Internal Design of General Similarity

Interface

This primitive support both dense and sparse mode. In sparse mode, the input should be a undirected graph in compressed sparse row (CSR) format with its vertex and edge numbers. In desnse mode, the input should be a set of vertex list with known size. The result will return a vertex list with each vertex corresponding similarity value. The config contains several boolean value to control the graphType (0:Sparse Mode, 1:Dense Mode), similarityType (0:Jaccard Similarity, 1:Cosine Similarity), dataType (0:uint, 1:float).

API of General Similarity

Implemention

The detail algorithm implemention is illustrated as below:

Diagram of General Similarity

General Similarity contains most of modules in Sparse Similarity and Dense Similarity. It have two DataLoader which can process sparse and dense input by config. It is shown in the aboved API picture, each PE have four AXI port to store input data. For sparse mode, each PE have 3 valid AXI input which are corresponding to offset, indice and weight, so that there is a dangling port.
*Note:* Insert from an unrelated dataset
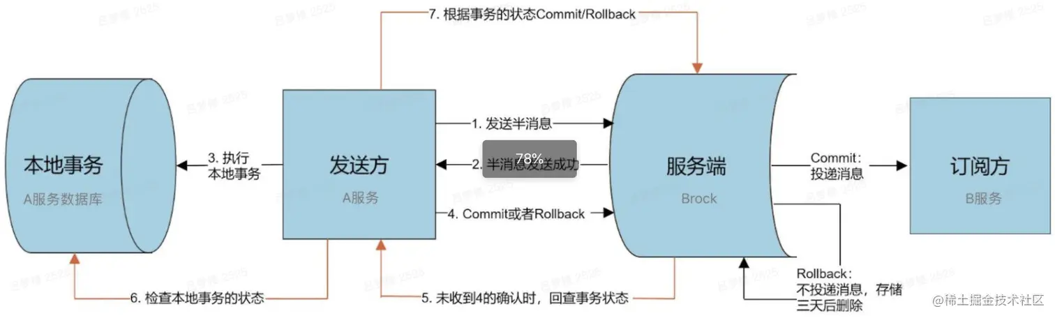 - 如果本地事务失败,那么Product像Brock服务器发送Rollback,那么就会直接删除上面这条半消息。

In dense mode, the partitioned weight data are stored in each AXI and it can better improve the data loading speed which can significantly impact the finnal performance. After DataLoader, the input data is transform to COO stream internally so that it can share most of calculation logic between dense and sparse mode. The overall diagram of general similarity kernel have a insert sort module which return the top K number of similarity values. The maximum number of K is a template number which can be changed by rebuilding the xclbin. The default value of top K is 32.

Profiling and Benchmarks

The General Similarity Kernel is validated on Alveo U50 board at 295MHz frequency. The hardware resource utilization and benchmark results are shown in the two table below.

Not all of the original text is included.